The government fraud scandals in Minnesota and other blue environs reveal an important truth: Not all cultures value honesty and corruption-free government. Until the modern era, American immigrants came from cultures that, at the very least, paid lip service to honesty in both personal dealings and government, and valued long-term wealth creation as an alternative to corruption.

However, immigrants from Africa and the Arab Middle East who have arrived in the United States over the past 30 years come from very different cultures. Their communities, while they may value honesty within their tribe, consider corrupt government the norm and a source of profit for those with initiative. Moreover, having no hope for tomorrow, they seize (in corrupt ways) whatever money they can today.
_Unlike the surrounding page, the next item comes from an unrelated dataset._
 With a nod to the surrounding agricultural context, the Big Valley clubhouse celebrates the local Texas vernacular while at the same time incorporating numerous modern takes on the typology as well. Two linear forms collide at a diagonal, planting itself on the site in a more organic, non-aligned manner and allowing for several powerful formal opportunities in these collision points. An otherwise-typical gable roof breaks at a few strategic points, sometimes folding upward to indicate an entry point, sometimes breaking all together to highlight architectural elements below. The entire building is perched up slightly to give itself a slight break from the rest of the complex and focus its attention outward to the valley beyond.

The English language is replete with sayings about honor and honesty:

  • Honesty is the best policy.
  • Tell the truth and shame the devil.
  • A man’s word is his bond.
  • Better to die with honor than live with shame.
  • Power corrupts; absolute power corrupts absolutely.
  • Truth fears no trial.

In the old days, when Americans testified at trial, they placed their hands on the Bible and swore to “Tell the truth, the whole truth, and nothing but the truth, so help you God.” If they lied, their immortal souls were in peril. (Now, they just make a promise to be truthful and, if they lie, hope an honest prosecutor doesn’t catch up with them…something I saw happen only once in thirty years of litigation work.) The Bible, both Old and New Testaments, demanded truth before God.

While Westerners understood that man is inherently corrupt, they also understood that corruption destroys a nation’s wealth and integrity, and that societies collapse when dishonesty becomes the governing norm. They preached integrity in their houses of worship and policed it in their businesses and government. Our systems were imperfect because humans are imperfect, but we had standards and goals.
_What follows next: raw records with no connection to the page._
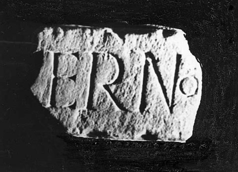 - Fragment vom Abacus eines Kapitells, auf der Oberseite Reste von Statuenfüßen ?
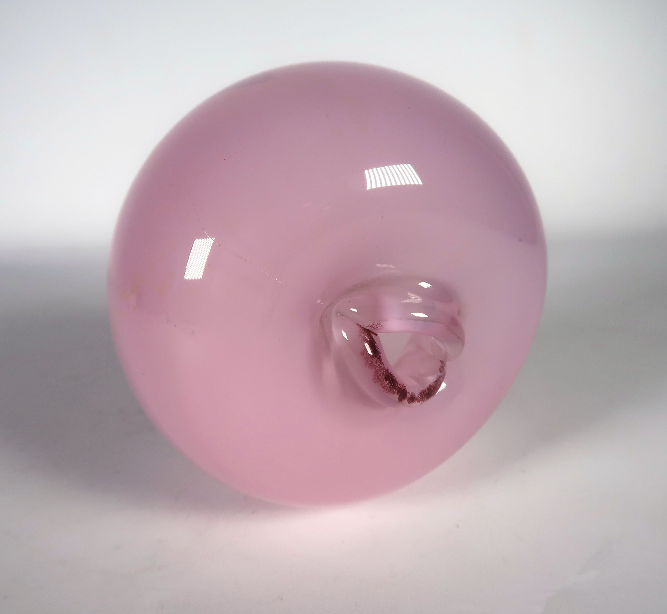 Roze unica glazen granaatappel, gesigneerd met ''W Heesen 910217''
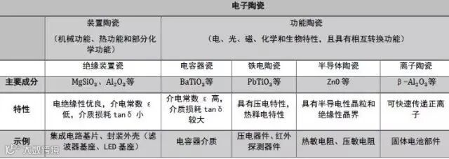 电子陶瓷是指应用于电子工业中制备各种电子元器件的陶瓷材料,是采用人工精制的无机粉末为原料,通过结构设计、精确的化学计量、合适的成型方法和烧成制度而达到特定的性能,经过加工处理使之符合使用要求尺寸精度的无机非金属材料。电子陶瓷一般可分为装置陶瓷和功能陶瓷。
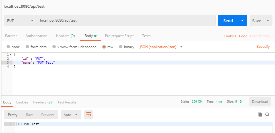 PUT : Handler에서 작성한대로 id, name을 전송하게 되면 id, name을 출력한다.
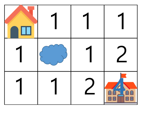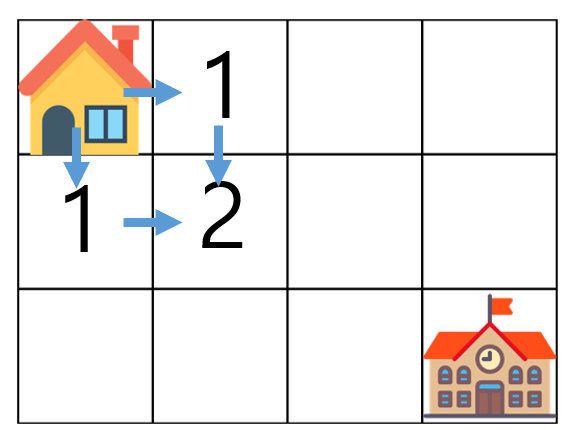 집에서 학교로 갈 때 오른쪽 or 아래로 한 칸씩 이동하도록 되어있기 때문에
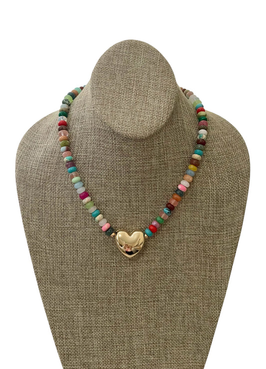 Charming Charlie Necklace: Mixed multi Gemstones providing vibrant colors and versatility Jumbo Gold Heart centerpiece Gold clasp w/ extender OOAK
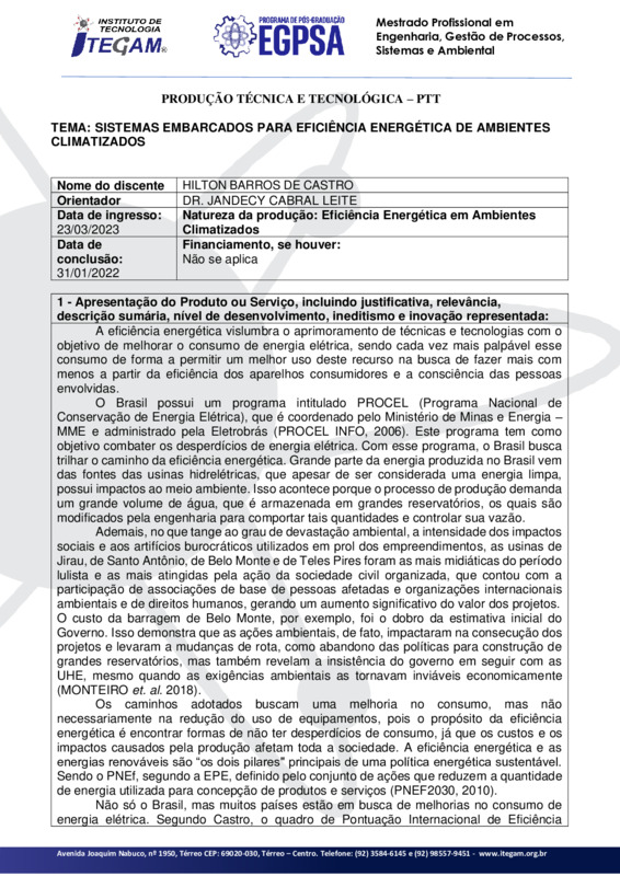 SISTEMAS EMBARCADOS PARA EFICIÊNCIA ENERGÉTICA DE AMBIENTES CLIMATIZADOS

It’s different in Africa and the Arab Middle East. Those cultures have “honor,” but it’s a very different kind, one that often seems to be most tightly tied to controlling women’s sexuality. When it comes to dealings with the government and the business world, honor simply doesn’t exist.

I first saw this spelled out when I read Keith Richburg’s superb and still-relevant 1997 book, Out of America: A Black Man Confronts Africa. In it, having served as the Washington Post’s African bureau chief, he explains why he is so grateful that his long-ago ancestors suffered the horrors of the Middle Passage and slavery. Aside from death’s omnipresence in Africa (something you can read about here and here, too), what horrified Richburg was the level of corruption in Africa, which was so extreme that nothing functioned. A joke Richburg tells illustrates how African corruption works (corruption, incidentally, the American government has fed for decades):

So endemic is African corruption—and so much more destructive than its Asian counterpart—that the comparison has even spawned a common joke that goes like this:

An Asian and an African become friends while they are both attending graduate school in the West. Years later, they each rise to become the finance minister of their respective countries. One day, the African ventures to Asia to visit his old friend, and is startled by the Asian’s palatial home, the three Mercedes-Benzes in the circular drive, the swimming pool, the servants.
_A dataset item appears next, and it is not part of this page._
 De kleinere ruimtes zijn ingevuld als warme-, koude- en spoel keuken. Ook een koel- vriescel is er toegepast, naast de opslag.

“My God!” the African exclaims. “We were just poor students before! How on earth can you now afford all this?”

And the Asian takes his African friend to the window and points to a sparkling new elevated highway in the distance. “You see that toll road?” says the Asian, and then he proudly taps himself on the chest. “Ten percent.” And the African nods approvingly.

A few years later, the Asian ventures to Africa, to return the visit to his old friend. He finds the African living in a massive estate sprawling over several acres. There’s a fleet of dozens of Mercedes-Benzes in the driveway, an indoor pool and tennis courts, an army of uniformed chauffeurs and servants. “My God!” says the Asian. “How on earth do you afford all this?”

This time the African takes his Asian friend to the window and points. “You see that highway?” he asks. But the Asian looks and sees nothing, just an open field with a few cows grazing.

“I don’t see any highway,” the Asian says, straining his eyes.

At this, the African smiles, taps himself on the chest, and boasts, “One hundred percent!”

The joke was first told to me by an American diplomat in Nigeria who had also spent time in Indonesia. It carried a poignant message about the debilitating effects of corruption in Africa versus its more benign counterpart in Asia. (pp. 174-175.)